* INFORMATION SHOWN
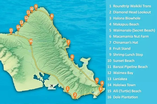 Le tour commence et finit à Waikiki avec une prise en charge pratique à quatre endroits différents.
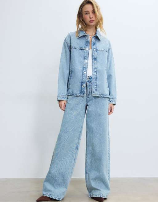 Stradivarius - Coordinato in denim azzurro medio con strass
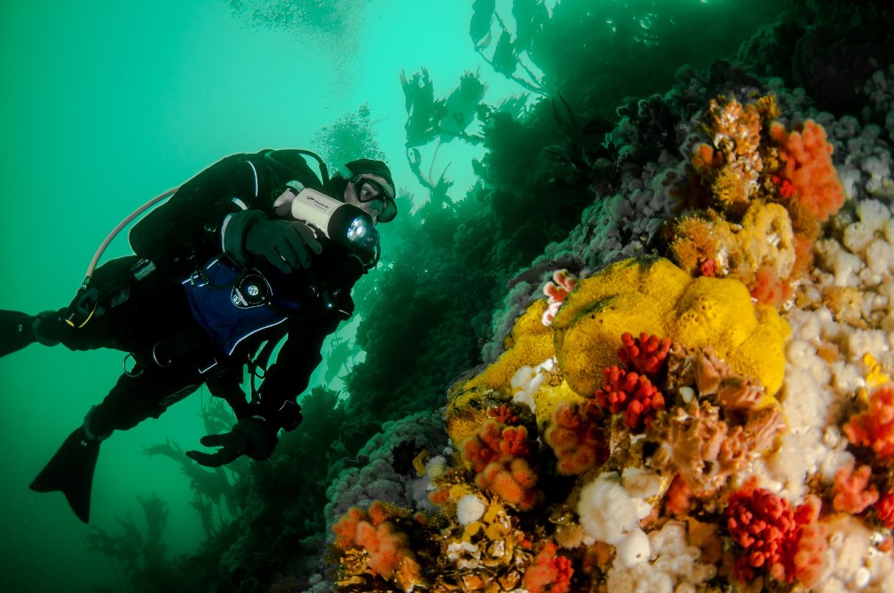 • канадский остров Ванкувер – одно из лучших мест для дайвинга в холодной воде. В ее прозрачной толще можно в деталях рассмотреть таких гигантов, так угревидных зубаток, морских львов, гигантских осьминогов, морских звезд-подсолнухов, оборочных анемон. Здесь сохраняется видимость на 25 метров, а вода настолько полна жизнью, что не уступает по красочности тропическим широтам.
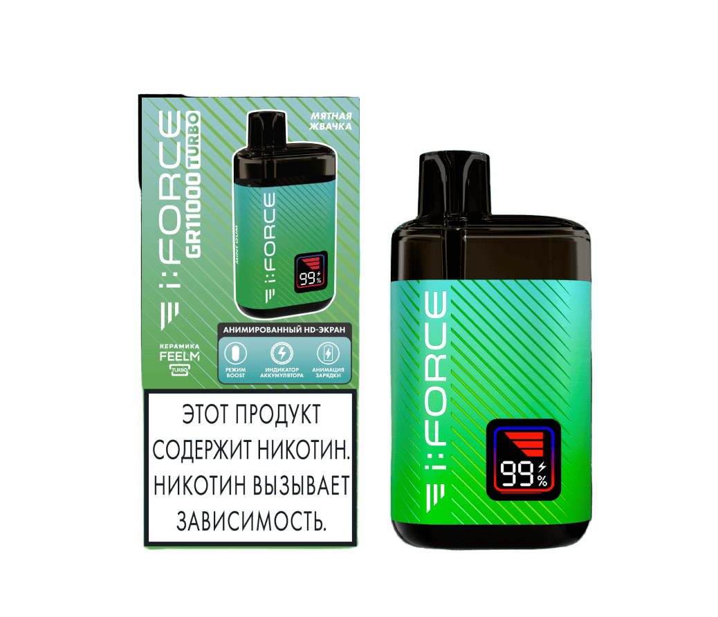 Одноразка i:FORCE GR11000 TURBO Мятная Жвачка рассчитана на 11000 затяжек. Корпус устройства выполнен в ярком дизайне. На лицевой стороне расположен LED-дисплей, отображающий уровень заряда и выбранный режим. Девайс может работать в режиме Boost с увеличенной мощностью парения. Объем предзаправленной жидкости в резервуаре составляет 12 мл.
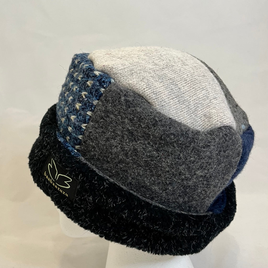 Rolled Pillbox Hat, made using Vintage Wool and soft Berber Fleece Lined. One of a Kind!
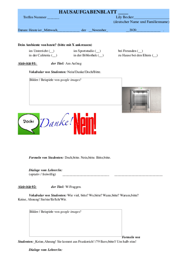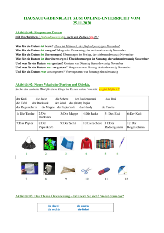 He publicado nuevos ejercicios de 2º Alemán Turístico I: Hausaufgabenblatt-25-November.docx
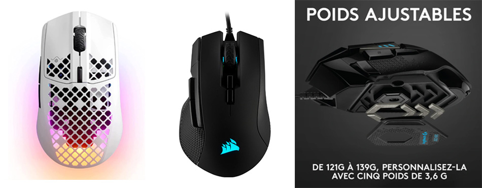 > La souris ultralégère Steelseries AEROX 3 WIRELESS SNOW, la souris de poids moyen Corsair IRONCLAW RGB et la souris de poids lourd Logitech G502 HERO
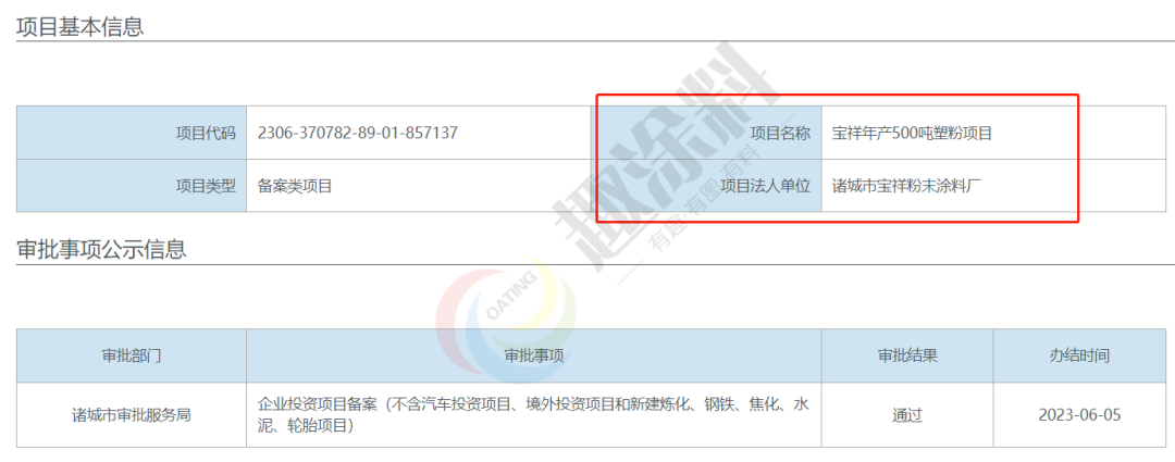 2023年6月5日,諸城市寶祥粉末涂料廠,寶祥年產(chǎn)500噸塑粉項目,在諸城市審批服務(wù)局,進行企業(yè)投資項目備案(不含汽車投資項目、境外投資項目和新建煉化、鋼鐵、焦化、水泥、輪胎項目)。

* TASK STATEMENT
Give again, exactly as written, the lines from the one with "Logitech G502 HERO" through the last line of the entries above, but skip the pictures.

* REPLY TO THE EXERCISE
 > La souris ultralégère Steelseries AEROX 3 WIRELESS SNOW, la souris de poids moyen Corsair IRONCLAW RGB et la souris de poids lourd Logitech G502 HERO
 2023年6月5日,諸城市寶祥粉末涂料廠,寶祥年產(chǎn)500噸塑粉項目,在諸城市審批服務(wù)局,進行企業(yè)投資項目備案(不含汽車投資項目、境外投資項目和新建煉化、鋼鐵、焦化、水泥、輪胎項目)。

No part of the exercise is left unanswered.